▶ **GIVEN INFORMATION**:
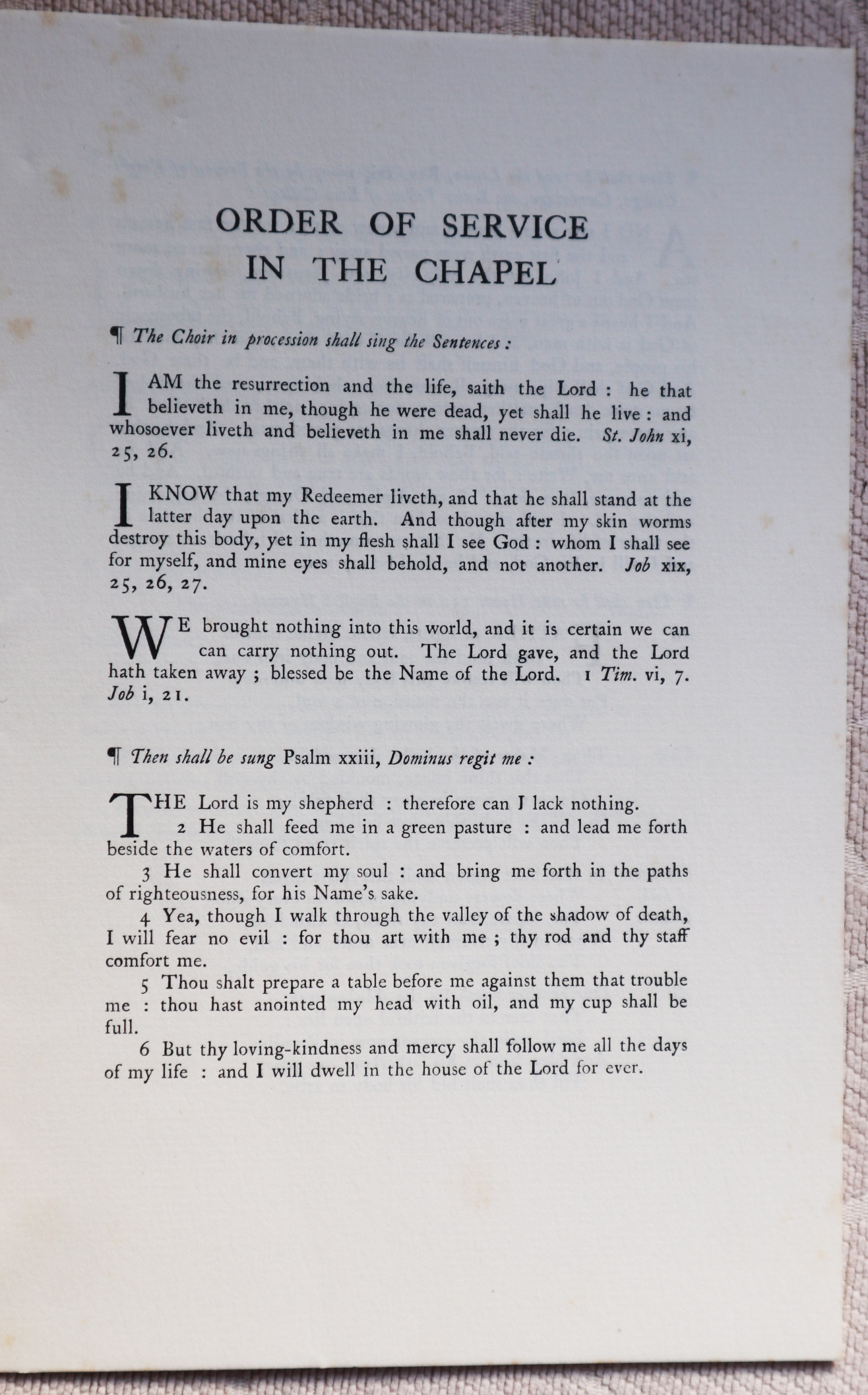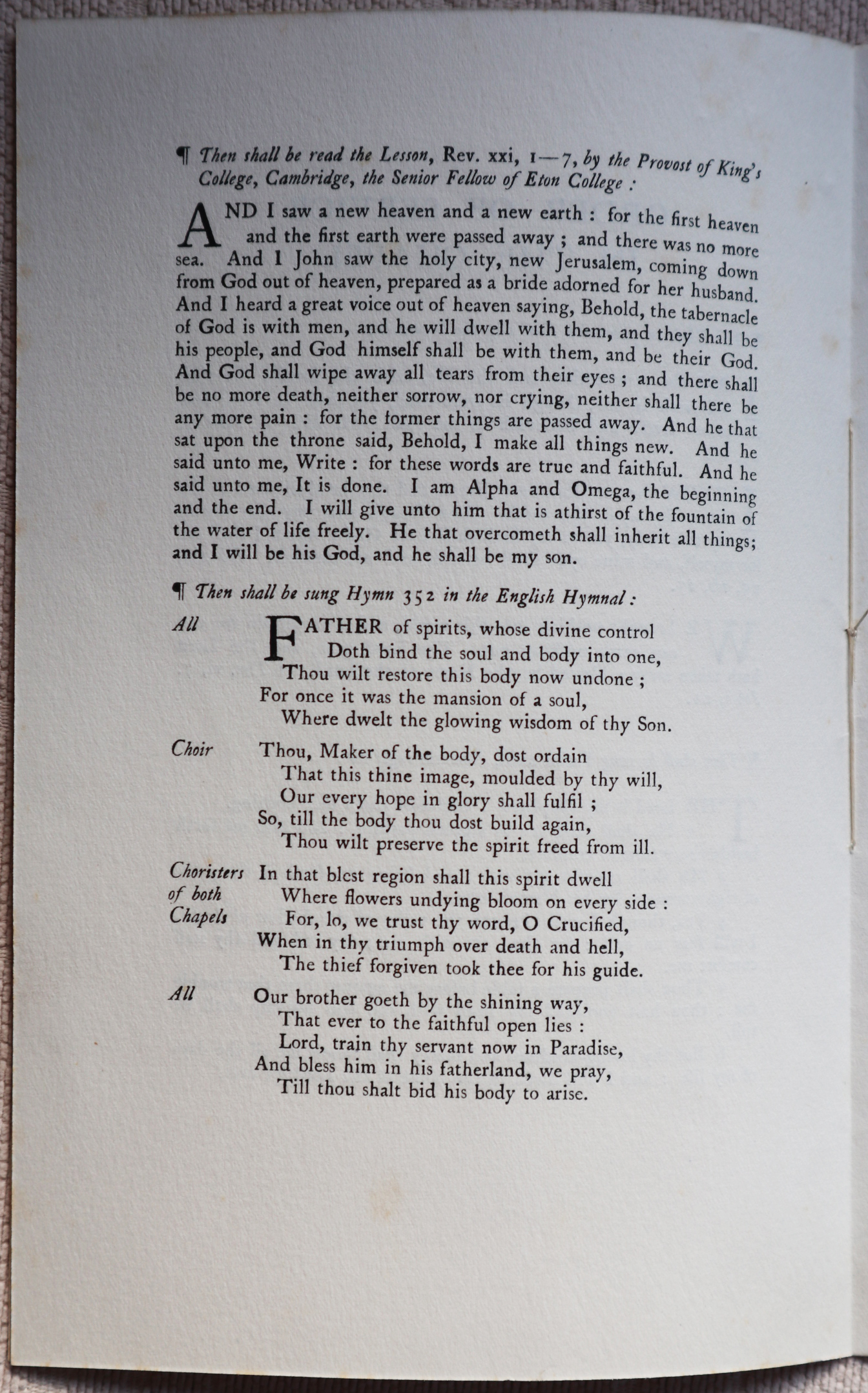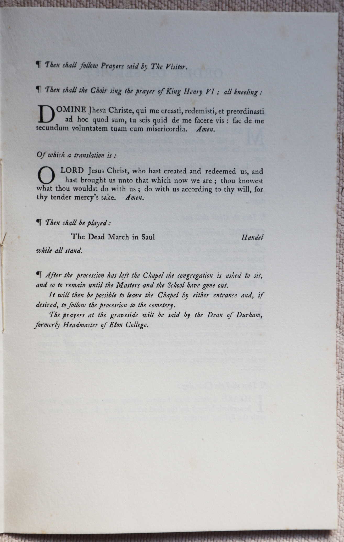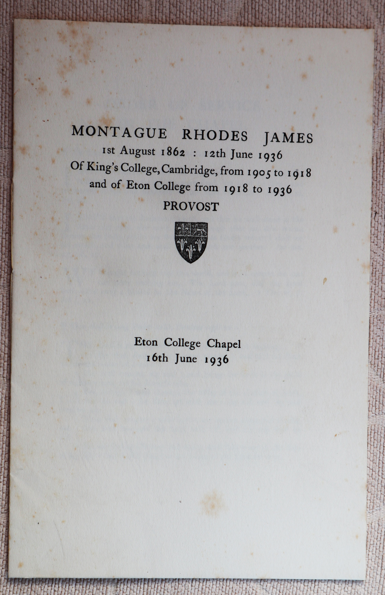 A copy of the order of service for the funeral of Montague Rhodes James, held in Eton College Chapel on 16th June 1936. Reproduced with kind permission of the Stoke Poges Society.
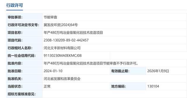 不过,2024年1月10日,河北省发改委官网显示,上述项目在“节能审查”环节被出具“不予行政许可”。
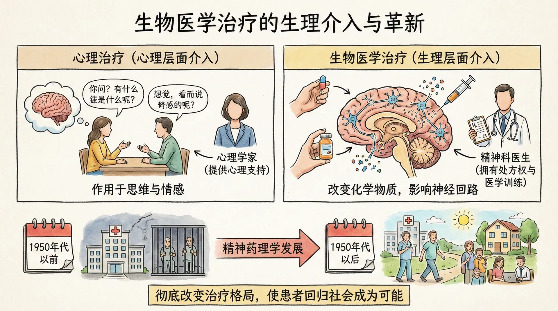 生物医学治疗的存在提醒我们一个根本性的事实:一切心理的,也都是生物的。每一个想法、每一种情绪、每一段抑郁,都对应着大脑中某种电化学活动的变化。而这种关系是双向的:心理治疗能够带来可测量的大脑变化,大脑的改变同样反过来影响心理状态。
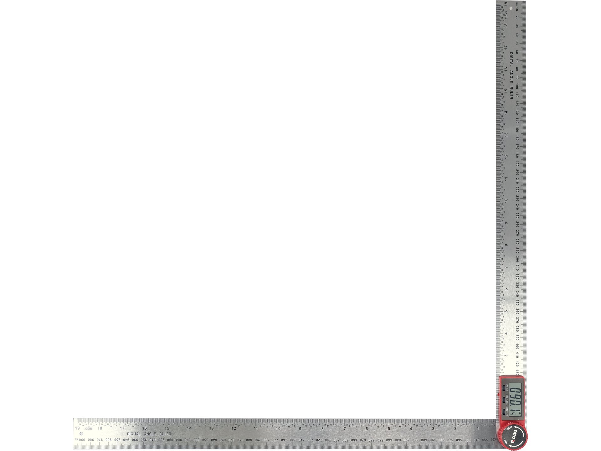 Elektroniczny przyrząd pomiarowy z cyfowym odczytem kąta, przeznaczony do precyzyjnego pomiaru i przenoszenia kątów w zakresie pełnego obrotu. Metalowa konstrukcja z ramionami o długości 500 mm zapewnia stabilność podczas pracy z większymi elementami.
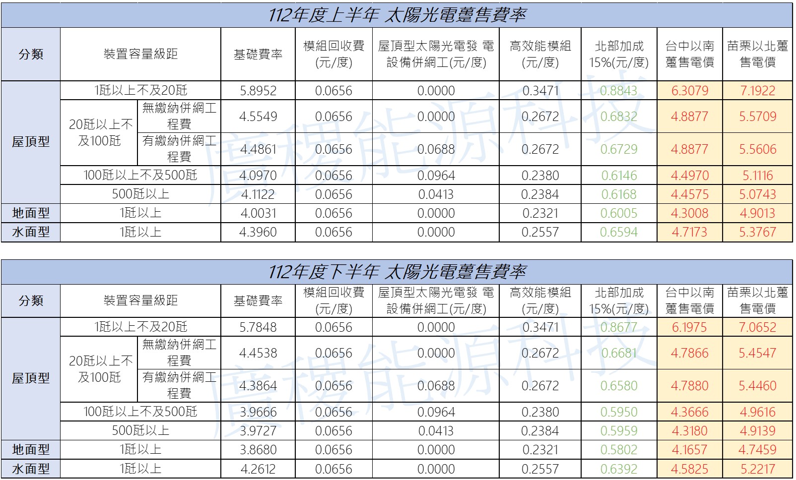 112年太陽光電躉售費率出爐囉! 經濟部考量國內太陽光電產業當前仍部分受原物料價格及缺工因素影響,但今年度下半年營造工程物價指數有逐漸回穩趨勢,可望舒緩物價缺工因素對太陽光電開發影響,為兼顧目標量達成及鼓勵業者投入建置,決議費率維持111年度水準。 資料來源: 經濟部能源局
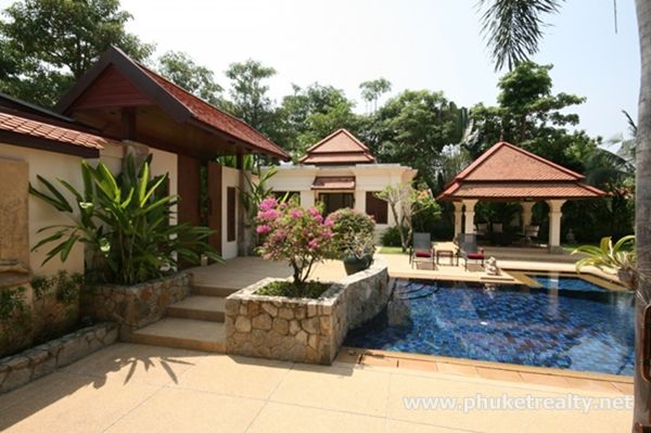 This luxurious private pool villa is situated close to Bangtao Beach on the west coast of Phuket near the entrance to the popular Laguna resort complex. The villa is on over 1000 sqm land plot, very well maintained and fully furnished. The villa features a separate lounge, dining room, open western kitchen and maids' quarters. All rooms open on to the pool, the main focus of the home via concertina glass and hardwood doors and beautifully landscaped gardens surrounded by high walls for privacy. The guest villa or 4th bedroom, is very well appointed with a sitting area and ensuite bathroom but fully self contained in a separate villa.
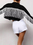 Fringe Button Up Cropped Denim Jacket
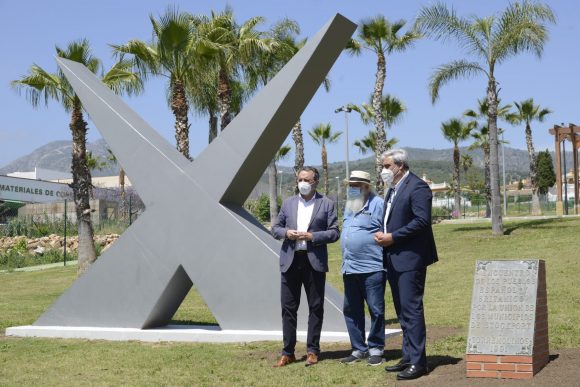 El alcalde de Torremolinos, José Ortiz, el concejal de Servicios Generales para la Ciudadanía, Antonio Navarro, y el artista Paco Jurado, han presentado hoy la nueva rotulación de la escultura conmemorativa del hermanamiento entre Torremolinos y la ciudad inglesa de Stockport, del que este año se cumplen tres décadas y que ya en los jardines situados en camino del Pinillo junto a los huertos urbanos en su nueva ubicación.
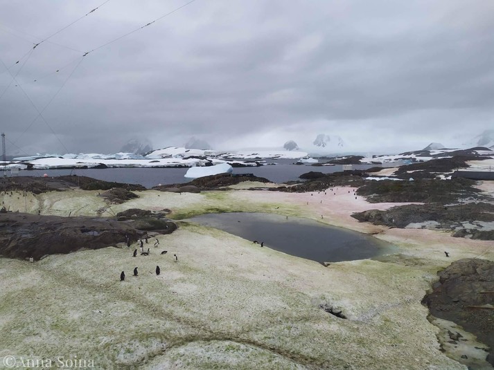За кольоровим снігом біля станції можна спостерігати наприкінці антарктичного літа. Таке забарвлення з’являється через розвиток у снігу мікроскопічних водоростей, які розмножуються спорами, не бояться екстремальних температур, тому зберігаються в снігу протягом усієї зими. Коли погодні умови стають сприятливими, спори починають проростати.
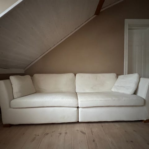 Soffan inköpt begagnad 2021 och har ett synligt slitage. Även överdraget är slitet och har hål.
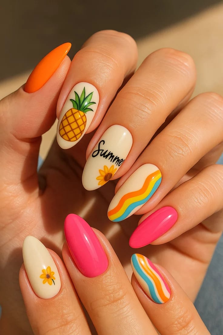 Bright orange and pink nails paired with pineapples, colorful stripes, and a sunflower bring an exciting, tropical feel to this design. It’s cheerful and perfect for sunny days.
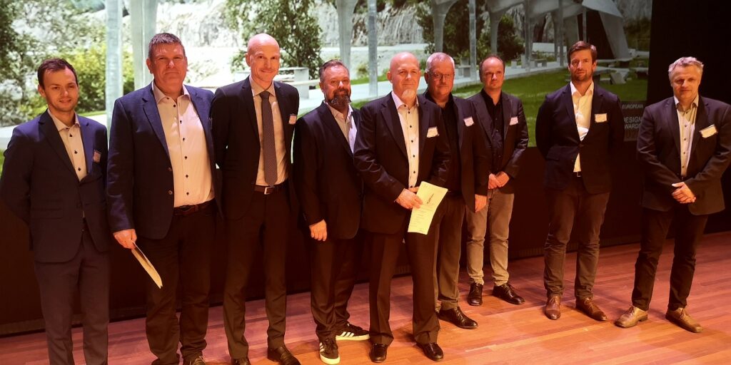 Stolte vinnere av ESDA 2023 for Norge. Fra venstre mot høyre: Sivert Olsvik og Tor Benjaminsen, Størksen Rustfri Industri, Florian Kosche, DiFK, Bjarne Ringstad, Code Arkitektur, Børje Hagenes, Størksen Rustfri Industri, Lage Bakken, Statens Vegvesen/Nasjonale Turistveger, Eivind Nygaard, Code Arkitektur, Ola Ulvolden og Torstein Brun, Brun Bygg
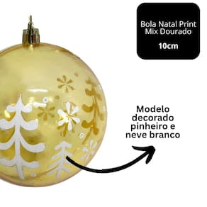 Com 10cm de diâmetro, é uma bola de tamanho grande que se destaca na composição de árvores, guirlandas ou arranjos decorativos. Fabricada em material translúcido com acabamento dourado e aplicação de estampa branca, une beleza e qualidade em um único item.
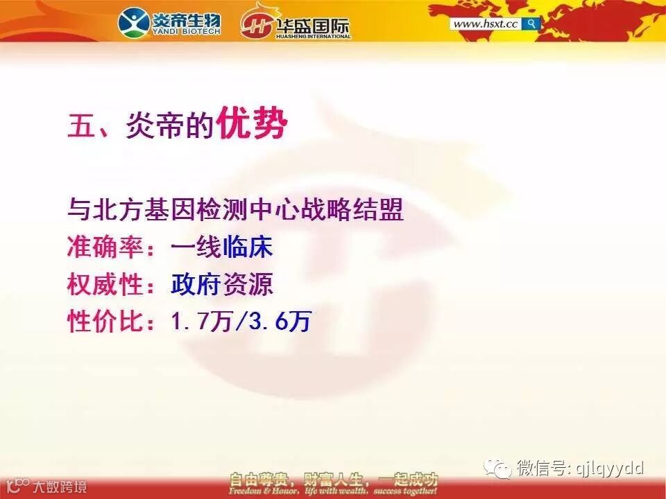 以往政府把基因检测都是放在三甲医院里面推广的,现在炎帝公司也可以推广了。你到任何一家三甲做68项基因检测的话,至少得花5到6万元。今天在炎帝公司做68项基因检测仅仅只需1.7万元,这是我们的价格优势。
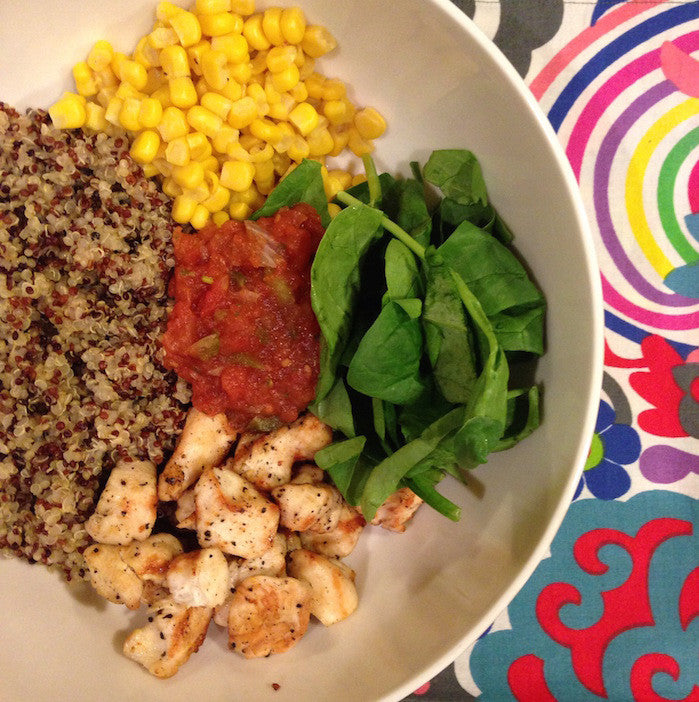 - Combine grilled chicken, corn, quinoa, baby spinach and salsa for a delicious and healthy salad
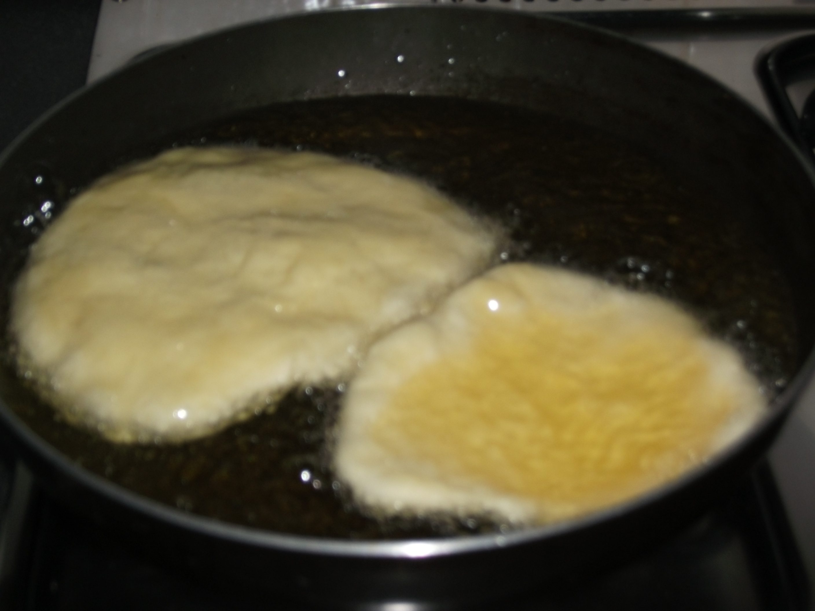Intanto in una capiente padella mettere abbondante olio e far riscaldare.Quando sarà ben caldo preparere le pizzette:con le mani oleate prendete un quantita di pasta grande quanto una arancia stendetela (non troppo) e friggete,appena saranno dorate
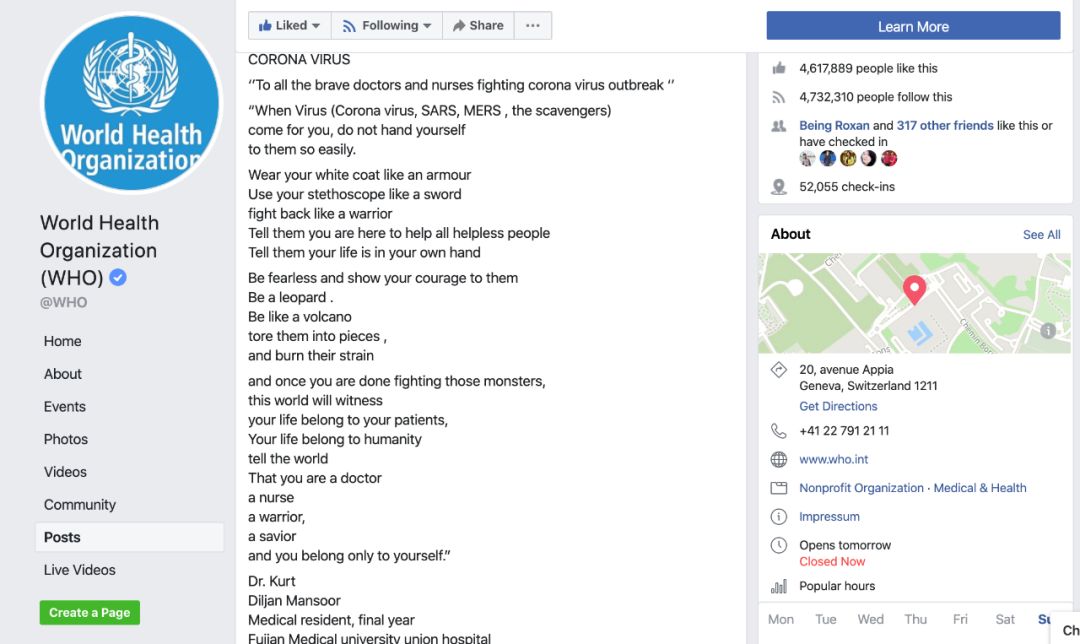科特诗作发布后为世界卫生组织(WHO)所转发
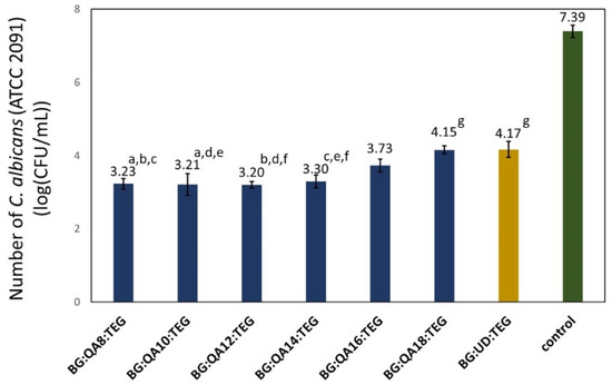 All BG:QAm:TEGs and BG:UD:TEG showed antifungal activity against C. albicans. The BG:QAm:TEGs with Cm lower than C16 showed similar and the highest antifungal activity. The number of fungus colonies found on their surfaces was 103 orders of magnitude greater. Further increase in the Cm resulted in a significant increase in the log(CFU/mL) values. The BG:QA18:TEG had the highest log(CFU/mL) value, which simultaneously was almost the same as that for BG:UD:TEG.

▶ **REQUIREMENT**:
Excluding all pictures, reproduce the records exactly as they appear above.

▶ **ANSWER**:
 A copy of the order of service for the funeral of Montague Rhodes James, held in Eton College Chapel on 16th June 1936. Reproduced with kind permission of the Stoke Poges Society.
 不过,2024年1月10日,河北省发改委官网显示,上述项目在“节能审查”环节被出具“不予行政许可”。
 生物医学治疗的存在提醒我们一个根本性的事实:一切心理的,也都是生物的。每一个想法、每一种情绪、每一段抑郁,都对应着大脑中某种电化学活动的变化。而这种关系是双向的:心理治疗能够带来可测量的大脑变化,大脑的改变同样反过来影响心理状态。
 Elektroniczny przyrząd pomiarowy z cyfowym odczytem kąta, przeznaczony do precyzyjnego pomiaru i przenoszenia kątów w zakresie pełnego obrotu. Metalowa konstrukcja z ramionami o długości 500 mm zapewnia stabilność podczas pracy z większymi elementami.
 112年太陽光電躉售費率出爐囉! 經濟部考量國內太陽光電產業當前仍部分受原物料價格及缺工因素影響,但今年度下半年營造工程物價指數有逐漸回穩趨勢,可望舒緩物價缺工因素對太陽光電開發影響,為兼顧目標量達成及鼓勵業者投入建置,決議費率維持111年度水準。 資料來源: 經濟部能源局
 This luxurious private pool villa is situated close to Bangtao Beach on the west coast of Phuket near the entrance to the popular Laguna resort complex. The villa is on over 1000 sqm land plot, very well maintained and fully furnished. The villa features a separate lounge, dining room, open western kitchen and maids' quarters. All rooms open on to the pool, the main focus of the home via concertina glass and hardwood doors and beautifully landscaped gardens surrounded by high walls for privacy. The guest villa or 4th bedroom, is very well appointed with a sitting area and ensuite bathroom but fully self contained in a separate villa.
 Fringe Button Up Cropped Denim Jacket
 El alcalde de Torremolinos, José Ortiz, el concejal de Servicios Generales para la Ciudadanía, Antonio Navarro, y el artista Paco Jurado, han presentado hoy la nueva rotulación de la escultura conmemorativa del hermanamiento entre Torremolinos y la ciudad inglesa de Stockport, del que este año se cumplen tres décadas y que ya en los jardines situados en camino del Pinillo junto a los huertos urbanos en su nueva ubicación.
За кольоровим снігом біля станції можна спостерігати наприкінці антарктичного літа. Таке забарвлення з’являється через розвиток у снігу мікроскопічних водоростей, які розмножуються спорами, не бояться екстремальних температур, тому зберігаються в снігу протягом усієї зими. Коли погодні умови стають сприятливими, спори починають проростати.
 Soffan inköpt begagnad 2021 och har ett synligt slitage. Även överdraget är slitet och har hål.
 Bright orange and pink nails paired with pineapples, colorful stripes, and a sunflower bring an exciting, tropical feel to this design. It’s cheerful and perfect for sunny days.
 Stolte vinnere av ESDA 2023 for Norge. Fra venstre mot høyre: Sivert Olsvik og Tor Benjaminsen, Størksen Rustfri Industri, Florian Kosche, DiFK, Bjarne Ringstad, Code Arkitektur, Børje Hagenes, Størksen Rustfri Industri, Lage Bakken, Statens Vegvesen/Nasjonale Turistveger, Eivind Nygaard, Code Arkitektur, Ola Ulvolden og Torstein Brun, Brun Bygg
 Com 10cm de diâmetro, é uma bola de tamanho grande que se destaca na composição de árvores, guirlandas ou arranjos decorativos. Fabricada em material translúcido com acabamento dourado e aplicação de estampa branca, une beleza e qualidade em um único item.
 以往政府把基因检测都是放在三甲医院里面推广的,现在炎帝公司也可以推广了。你到任何一家三甲做68项基因检测的话,至少得花5到6万元。今天在炎帝公司做68项基因检测仅仅只需1.7万元,这是我们的价格优势。
 - Combine grilled chicken, corn, quinoa, baby spinach and salsa for a delicious and healthy salad
Intanto in una capiente padella mettere abbondante olio e far riscaldare.Quando sarà ben caldo preparere le pizzette:con le mani oleate prendete un quantita di pasta grande quanto una arancia stendetela (non troppo) e friggete,appena saranno dorate
科特诗作发布后为世界卫生组织(WHO)所转发
 All BG:QAm:TEGs and BG:UD:TEG showed antifungal activity against C. albicans. The BG:QAm:TEGs with Cm lower than C16 showed similar and the highest antifungal activity. The number of fungus colonies found on their surfaces was 103 orders of magnitude greater. Further increase in the Cm resulted in a significant increase in the log(CFU/mL) values. The BG:QA18:TEG had the highest log(CFU/mL) value, which simultaneously was almost the same as that for BG:UD:TEG.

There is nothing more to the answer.